A common complaint that many people had for a long time was that uploading pictures was painfully slow, timing out in many occasions.
The problem was the way we handled them; and allowing to upload many files at once only made things N times slower. The processing for each of them was very naive.
It all started when you pressed the "Upload" button. All files would sequentially be uploaded from your web browser to our server in one big communication. That time would depend in the summed file size of all files together.
Once we had the files in our server's memory we would generate one thumbnail for each file (only the one you are going to need for the preview once the page reloads) and save those generated thumbnails on the server's local file system which is where the thumbnails are served from.
After generating the thumbnails, we would continue to store the files you uploaded that are still in memory to a long term storage, we use Amazon S3. At this point we need to upload the files from our server to Amazon.

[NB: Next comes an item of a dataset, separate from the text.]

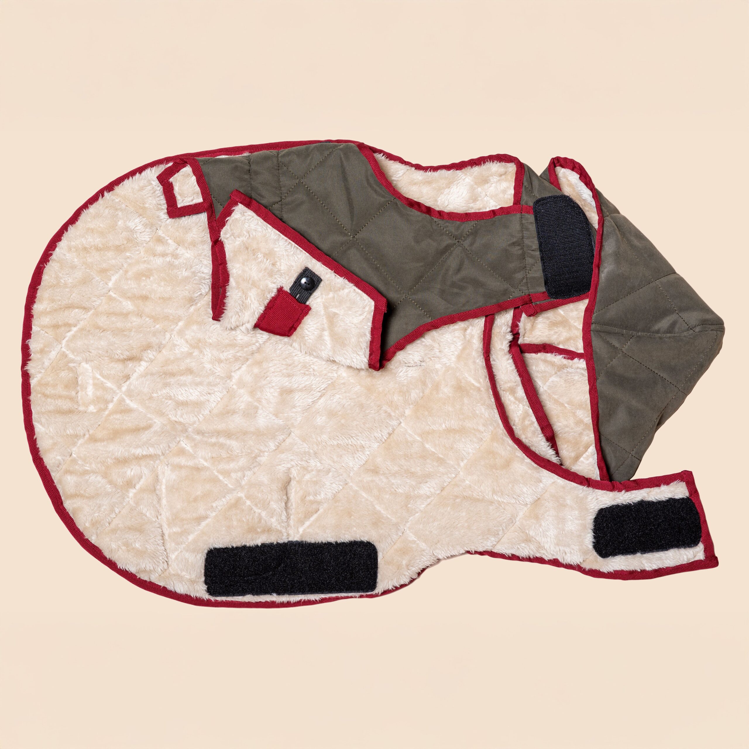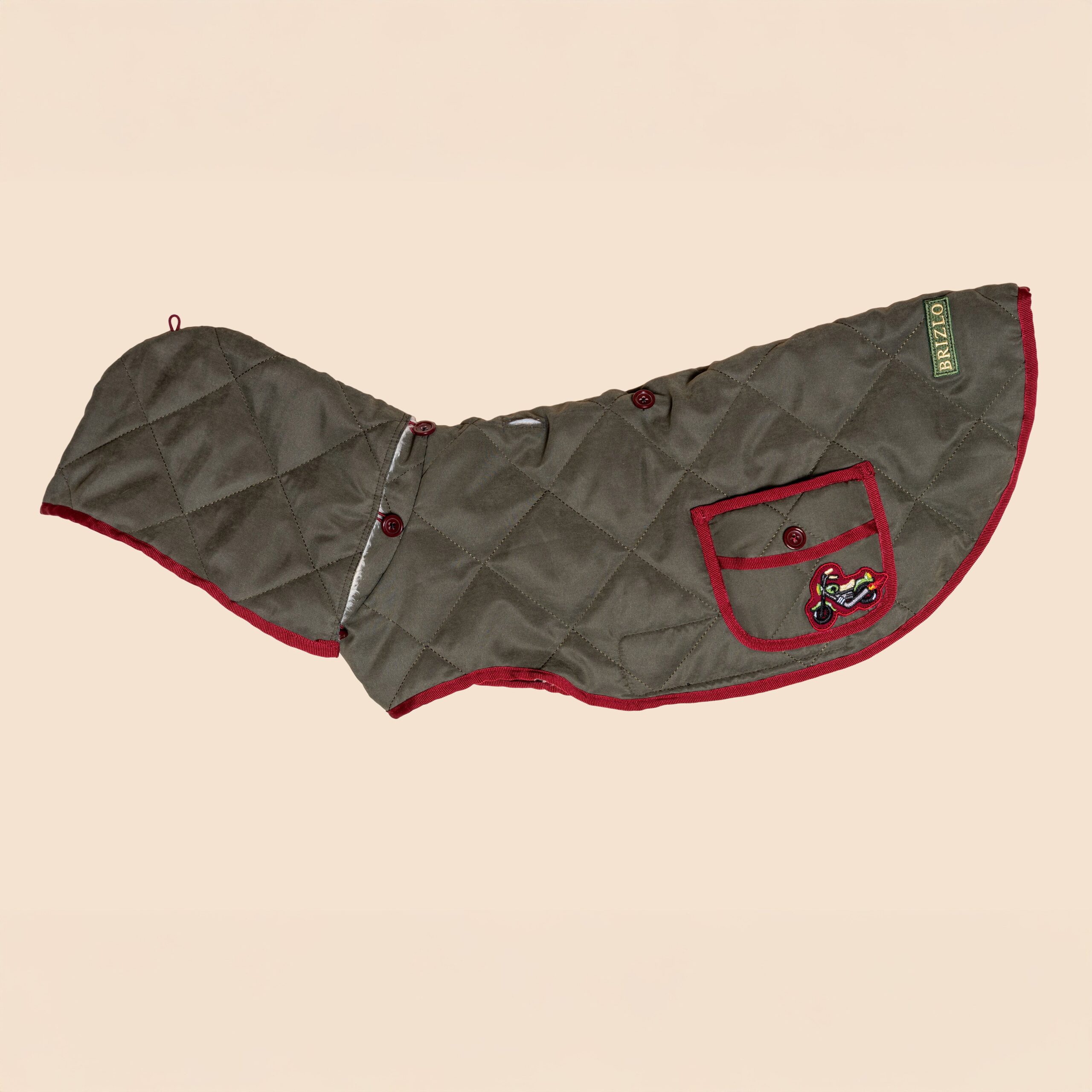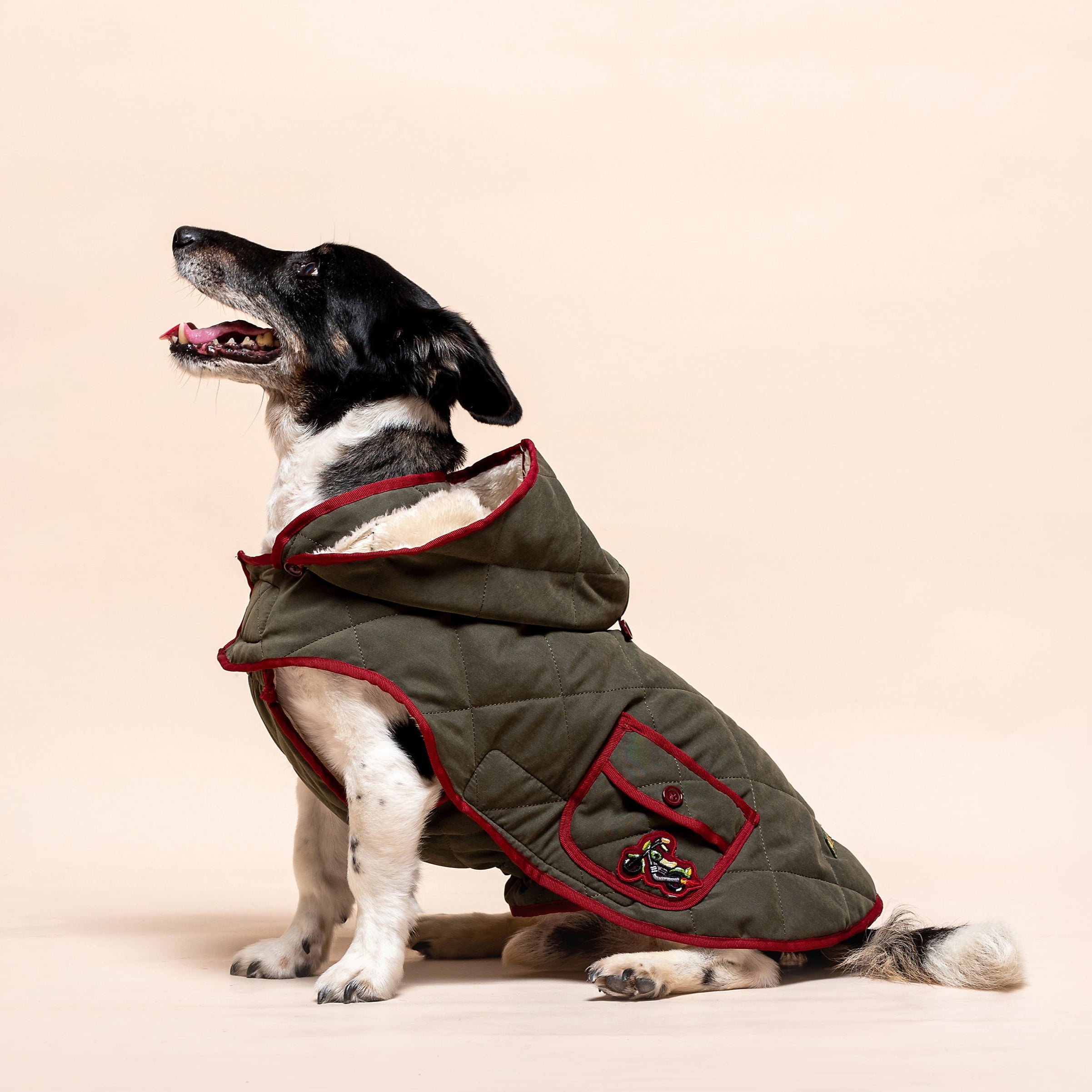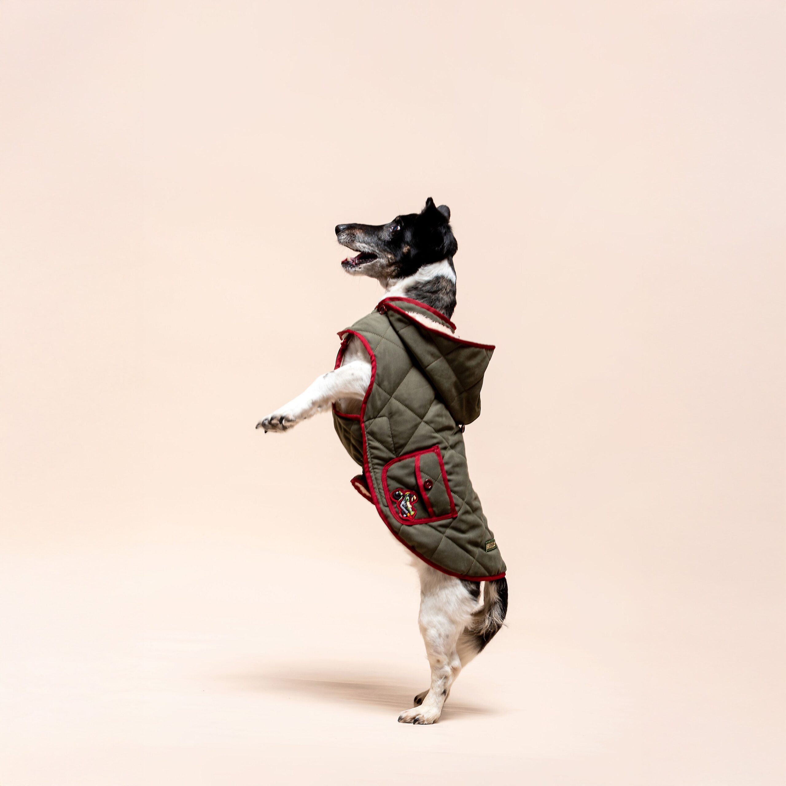 A Wild Ride kabát a Wild Cherry kollekció karakteres darabja, amely sportos és vagány megjelenésével minden kutyasétát különlegessé tesz. Az olívazöld alap és a bordó szegélyek kontrasztja időtlen eleganciát sugároz, míg a hímzett részletek játékos lendületet visznek a kabát stílusába. Ez a modell a kollekció legdinamikusabb darabja, azoknak a négylábúaknak, akik mindig kalandra készen állnak.

Once that's done, we would fire up a parallel job to generate the rest of thumbnails we're going to need for all the uploaded pictures. This happens on a separate server so it doesn't slow us down, and then we proceed to make the needed database entries and generate the OK response you see.
As you can see, for you to see the next page, you had to wait for the time to send the files from your computer to our server and from our server to Amazon, once for each file and one all that was done we would finally prepare your next page.
The new process
The new approach is very different from the old one. It aims to take advantage of the time you spend picking the classification of the picture to process the upload for each photo.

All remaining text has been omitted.